5: Medication Errors in Veterinary Anesthesia


CHAPTER 5
Medication Errors in Veterinary Anesthesia



…systemic medical errors are hard to stop because their genesis is hard to spot.


Karl E. Weick (2002)


Medication errors are among the most commonly encountered errors in human medicine, with reports suggesting they may occur in a staggering 2–14% of all hospital admissions (Cullen et al. 2000; Leape 1994; Schiff & Leape 2012). They can occur in many guises and involve any part of the prescription process including choosing the drug itself, calculating the dose, writing up orders, and administering the drug. In fact preparing and administering a drug, such as an intravenous injection as part of an anaesthetic, is a surprisingly complex task involving some 30 or more steps (Woods 2005). Recognizing this complexity makes it easy to see how, when an anesthetist is under pressure or is distracted, a significant error may occur (Woods 2005).

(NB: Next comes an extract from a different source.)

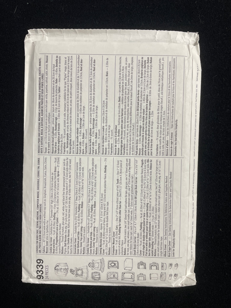 Covers for bird cage, sewing machine, computer mouse, casserole, cookie tin, cookie jar, photo album and two sizes of book carriers
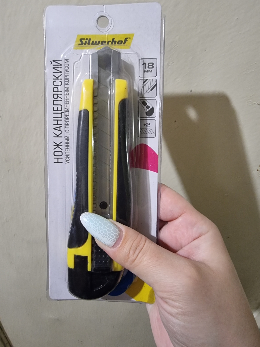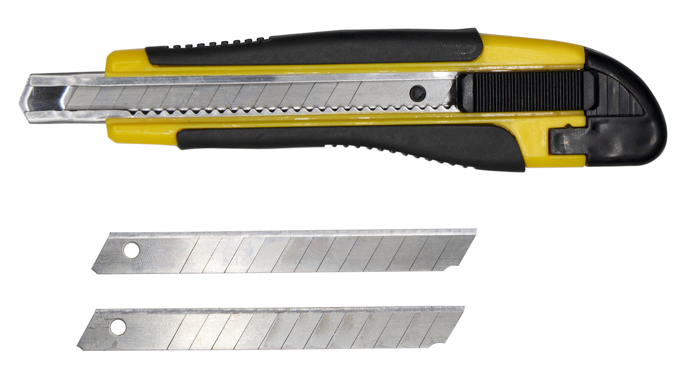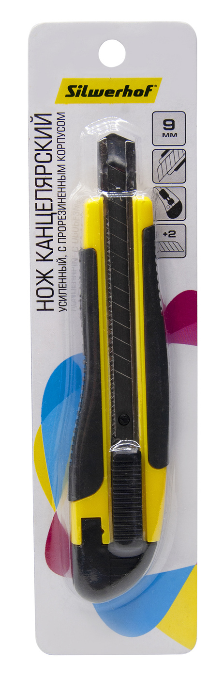 Нож канцелярский Silwerhof ширина лезвия 9мм, фиксатор, 2 сменных лезвия.

In simple terms medication errors can be assigned to the following categories: “wrong patient,” “wrong drug,” “wrong dose,” “wrong route,” and “wrong time”. However, these are just labels for a “technical error” made by an individual. By highlighting in this manner only the sharp end of the incident ignores the many system-associated conditions that set the stage for the medication error.


Literature from human medicine has provided us with most of what we know about medication errors and their root causes. But what about in veterinary medicine? In truth we really do not know the extent of the problem in veterinary medicine because there are so few data available to us (Alcott & Wong 2010; Mellanby & Herrtage 2004). Reports on medication errors have been published in a variety of journals, involving a variety of species (Alcott & Wong 2010; Kaplan et al. 2011; Kennedy & Smith 2014; Love et al. 2011; McClanahan et al. 1998; Means 2002; Paul et al. 2008; Piperisova et al. 2009; Smith et al. 1999; Wells et al. 2014). These articles cite the errors but their underlying causes often are not identified and the incidence in the larger patient population is unknown. In one of the only published studies to include data on the incidence of medication errors in veterinary practice, Hofmeister et al. found that medication error was reported in 1.2% of anesthetics prior to instituting specific error reduction strategies (Hofmeister et al. 2014). In that study, none of the patients died and there was little if any obvious harm to the patients, but the potential for harm was real. Unpublished data collected by the Cornell University Veterinary Medical Teaching Hospital revealed that 41 medication errors were reported over a 6-month period (see “Which incidents and errors should be analyzed?” in Chapter 3). Both of these examples involve teaching hospitals with unique environments, so the errors may seem of little relevance to general private practice. The environment of a private practice does differ from that of a teaching hospital, but despite the differences the latent conditions for medication errors are present in both. Indeed, the results of a study involving private practices for which claims were submitted to the leading veterinary indemnity insurer in the UK between January 2009 and December 2013, indicated that drug-related errors were common; the most common types of error within this category were due to incorrect choice of drug and overdose (Oxtoby et al. 2015). Some of the latent conditions that set the stage for medication errors are highlighted in the following cases and near miss vignettes.


Cases


Case 5.1


As preamble to the following case, we recognize that the processes described in this case are slightly historical in nature. However, we present it because it shows how system-related factors can and do set the stage for errors. The exact error described is unlikely to occur in veterinary practice today, but even now we veterinarians make modifications to processes in order to make them more efficient or economical––we describe a number of them throughout this book––and in doing so we unintentionally set in place error-generating conditions. This case also demonstrates how, if actions had been directed toward the person who seemingly caused the error as a solution to the problem, future error prevention would not have been achieved; the latent conditions that enabled the error to occur in the first place would still be present and set the system up to fail again in the future.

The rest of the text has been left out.